What "elastic compute" means in 2026

Igor Zalutski · April 7, 2026

EC2 is the backbone of the modern internet, there's little doubt about that. Amazon started the cloud revolution back in 2006 by introducing scalable object storage decoupled from compute, followed shortly by compute with reliable provisioning that you could scale as you need - it grew out of the internal platform that Amazon had to build for itself to support the scale of e-commerce at its own web store.

20 years later, cloud VMs like EC2 are running the majority of SaaS applications. Often via more specialised higher-level services like container orchestrators or lambda functions, but the core remains more or less the same - VMs decoupled from the underlying hardware via hypervisors, highly optimised operating system images, and all the insane complexity of making a highly reliable host operating system with enough nines of reliability guarantees to support whatever you want to build, even if it's another Netflix with comparable popularity and load profile.
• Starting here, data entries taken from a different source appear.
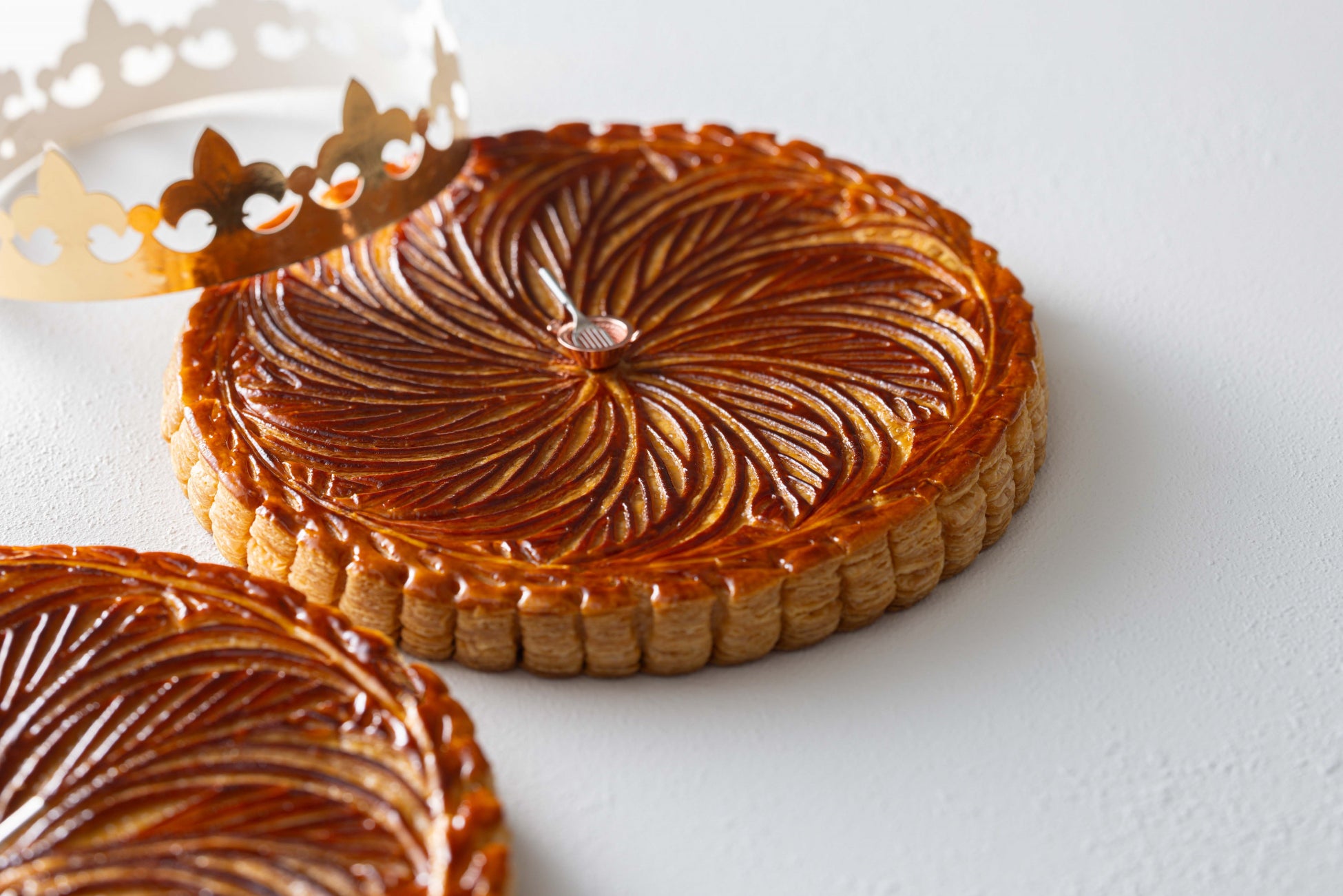 ガレット・デ・ロワは、フランス語で“王様のお菓子”を意味する、新年を祝うフランスの伝統菓子。芳醇な香りの国産バターを使ったサクサクのパイ生地にラム酒がほのかに香るアーモンドクリームを詰め、軽やかに焼き上げました。表面の“レイエ”と呼ばれる太陽を模した模様には、生命力や子孫繁栄、五穀豊穣の願いが込められています。シンプルながらもパティシエの技が際立つ逸品です。フェーブをランダムに1つと紙製の王冠をお付けします。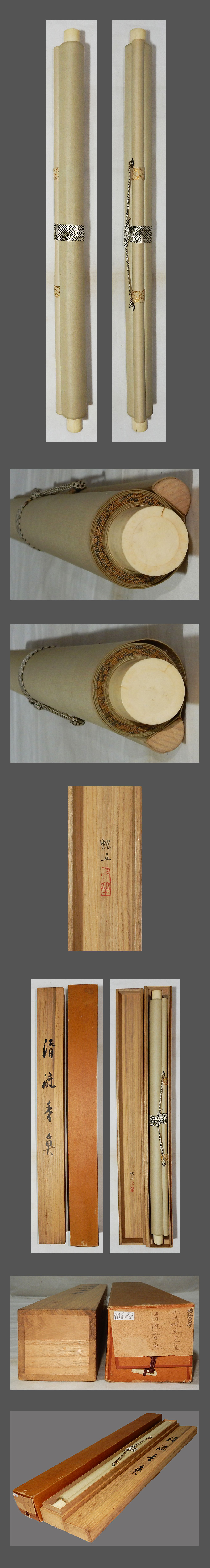 ・掛軸の軸先ですが、細心の注意を払って梱包しておりますが、 配送中の振動・気温・経年劣化等で外れてしまうことがあります。 軸先の外れは、破損ではございませんので、返品の対象にはなりません。 大変お手数ですが、お客様ご自身での修復をお願い致します。 ・添付写真の画像と説明文でご理解頂ける方、ご入札を宜しくお願い致します。 ・添付写真の画像は撮影の光度により、現物と若干の色合いの相違が生じる事があります。 ・添付写真の画像は受取完了のご連絡を頂いた後に速やかに消去しますのでご了承下さい。 ・土・日・祝日はお休みさせて頂きますので、商品発送は、月曜日以降になります。 ・祝日の場合は、翌日の平日以降の発送になります。 ・土・日・祝日は、メールの返信が若干遅れる事がございます。どうか、ご了承下さい。 ・時間的に余裕がない場合などでお答えが出来ない事も多々有ります。 ご不明な点は落札日前日までに早めにご質問下さい。 ・商品トラブルがあった場合は、直ちにご連絡下さい。 お取引に付きましては迅速・丁寧に対応させて頂きます。 ・落札後、できるだけ2日以内に連絡(返信)を頂ける方、 5日以内にご入金できる方の御入札を御願い致します。 ・新規の方や評価の総評が悪い方は当方の判断にて、入札取り消しを行う場合がございます。 ・お取引に付きましては、迅速、丁寧に対応致しますのでどうぞ、宜しくお願い致します。 ・古美術品や古物や古書画の出品が多いため、神経質な方がご入札される場合は、 ご自身が納得の行く価格でご入札ください。 ・万一、ヤフーのシステム障害により、公正なオークションができなかったまま終了し、 落札者様にご落札された場合は、当方より取引ナビで取引中止のご連絡を致します。 その時は、どうか、ご了承をお願い致します。 ・終了当日・直前の入札の取り消しは、 トラブルの原因となりますのでご遠慮お願い致します。 ・入札後の取り消し(キャンセル)は行っておりません。 ・落札後のキャンセル・返品はお断りしてます。 入札前によくご確認頂き、間違いのないようにご注意下さい。 |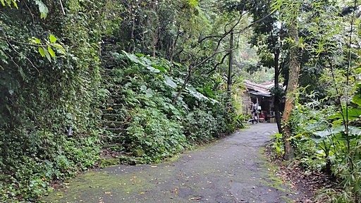 大青坑產道路底,左側鐵門內為私人農園,步道穿越產道往幸福休息站、北天宮。H327m |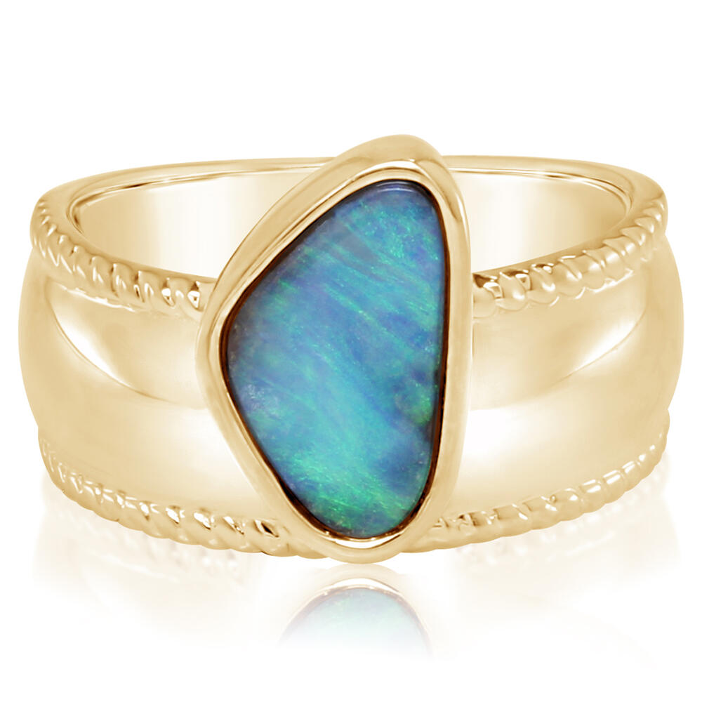 14K Yellow Gold Australian Boulder Opal Ring. Sample Image. Actual piece might differ from current image. Total gem weight: Varies

But now we have agents. A growing number of workloads are not even applications - they are ephemeral one-off artifacts that agents produce, or the agents themselves, often replicated across isolated sessions to ensure user's data is immune from the uncertainties introduced by LLMs. Are the tried and proven compute paradigms stay the same? Or do they change?

The elasticity timeline

2006

EC2

Provision a VM in minutes

2013

Containers

Spin up in seconds, share the kernel

2014

Lambda

Per-invocation, millisecond billing

2024

Type-1 Sandboxes

Ephemeral VMs for untrusted code, ~100ms boot

2025

Type-2 Sandboxes

Isolate the agent itself, persistent sessions

2026

Elastic from inside

Agent controls its own CPU/RAM on demand

Each generation made "elastic" mean something faster and more granular.

What's similar

Many things didn't change at all. For example, agents still need all the usual stuff that a web server would. Agents need the same exact environment a web server would thrive in - an agent is a process like any other. Windows vs Linux aside, there's really nothing special that the host needs to provide for the agent to run on it.
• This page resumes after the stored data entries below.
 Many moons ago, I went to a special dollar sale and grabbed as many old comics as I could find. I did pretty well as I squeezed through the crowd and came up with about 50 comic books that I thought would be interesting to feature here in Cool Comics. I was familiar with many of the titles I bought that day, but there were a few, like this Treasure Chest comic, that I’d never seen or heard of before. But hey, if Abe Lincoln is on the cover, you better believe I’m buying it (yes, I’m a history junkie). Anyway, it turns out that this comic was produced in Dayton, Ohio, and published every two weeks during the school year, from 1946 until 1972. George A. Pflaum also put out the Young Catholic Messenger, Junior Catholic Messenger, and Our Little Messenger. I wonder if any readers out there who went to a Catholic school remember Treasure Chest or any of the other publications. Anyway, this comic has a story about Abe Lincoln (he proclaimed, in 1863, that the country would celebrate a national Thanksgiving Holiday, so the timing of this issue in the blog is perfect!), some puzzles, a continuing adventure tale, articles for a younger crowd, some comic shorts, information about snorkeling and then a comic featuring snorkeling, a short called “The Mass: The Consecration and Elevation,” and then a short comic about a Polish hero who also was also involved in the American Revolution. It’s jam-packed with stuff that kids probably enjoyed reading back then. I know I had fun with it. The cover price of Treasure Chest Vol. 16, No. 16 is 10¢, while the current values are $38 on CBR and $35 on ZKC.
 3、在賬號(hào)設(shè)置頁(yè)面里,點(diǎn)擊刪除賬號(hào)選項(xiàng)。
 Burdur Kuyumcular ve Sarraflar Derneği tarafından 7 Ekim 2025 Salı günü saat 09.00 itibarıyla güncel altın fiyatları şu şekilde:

The best coding agents, at least as of April 2026, are CLIs - they read and write files, use bash, start processes. They can go much further than a web server in what they can do on the host system - more on that later - but fundamentally they are just like any other *nix process. You do not need anything special to run a coding agent. A fresh EC2 for example would be a reasonably good environment for one agent.

But this "one agent" scenario is pretty much where similarities end.

More elastic than EC2

The first bottleneck to be exposed by agents was the need to run untrusted code generated by an LLM on the fly. Say you've built your agent with Langchain or ai-sdk or another similar framework. Fundamentally it's a web application like any other - meaning it's likely deployed in some sort of a compute environment, perhaps containers or functions, with some degree of sharing the underlying compute across multiple requests.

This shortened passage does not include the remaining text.